Estamos no ponto da leitura do Gênesis em que Deus diz ao humano: se você desejar e realizar o desejo de tal modo a se mover pelos sentidos, isto é, olhar para o fruto, desejar o fruto, tomar o fruto e comê-lo, ou seja, corporificar o desejo, então você degenerará para uma condição de imanência radical, de materialidade que sua vida será limitada por sua temporalidade biológica e seu conhecimento será restrito a uma lógica nadificada. Você será tal qual o mundo material, contido pelos paradoxos e aporias próprias deste universo fechado e degradante. Não poderá perceber a vida para além dos limites da materialidade e do corpo. O niilismo, nestes termos, é o desejo de desejar o movimento sensível de obtenção de um conhecimento material pela via sensível. A morte se expande conforme a progressividade da impossibilidade de suplantação pela linguagem lógica das aporias e paradoxos da existência sensível. A linguagem tem menos recursos, menos ferramentas que os desafios que ela enfrenta, quando fechada sobre si mesma. Não há dispositivos linguísticos que nos permitam dar conta dos enigmas que enfrentamos, o que nos obriga a reduzir a vida a um conjunto cada vez mais limitado de equações, aumentando, assim, a inadequação da linguagem ao problema e decaindo o vivente em um esquema maquínico. Toda a linguagem, crítica, dialética, hermenêutica, etc., de cunho imanentista e materialista apenas agravam o decaimento, e a degradação.
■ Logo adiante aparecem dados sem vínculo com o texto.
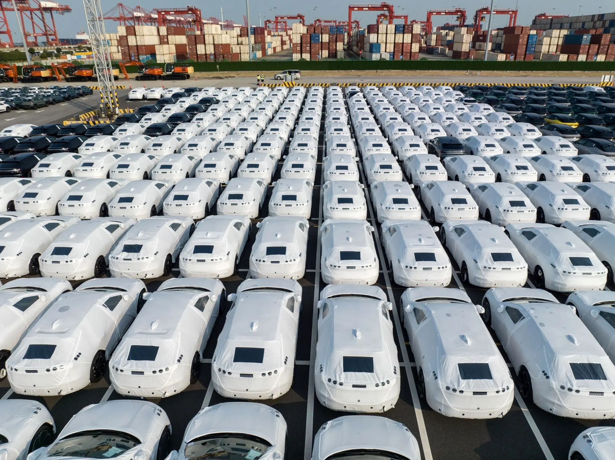 خودروهای الکتریکی چینی به مقصد اروپا در بندر تایکانگ چین

Importante saliente, neste ponto, que a negação faz parte da ausência de dispositivos no humano que lhe permita conhecer definitivamente, ou, que lhe permite saber que conheceu definitivamente. Assim, o niilismo expande enquanto se passeia pelas ferramentas da linguagem. De maneira similar, a busca de verdades num jardim de escolhas concorrentes, de um pluralismo relativista e sem recursos para dar conta da solução do equacionamento, amplia a desconfiança no modelo e na metodologia. Neste sentido, o niilismo é sacrificial, isto é, produtor de morte: o sacrifício de realiza a cada tentativa de postergar a morte, enquanto de cavam as covas das mortes inevitáveis. Deixemos para outro momento a questão do niilismo, do sacrifício, do sagrado e da morte. Por hora fiquemos com a escolha da humanidade em fechar-se entropicamente num universo fechado e entrópico do imanentismo materialista, isto é, niilismo.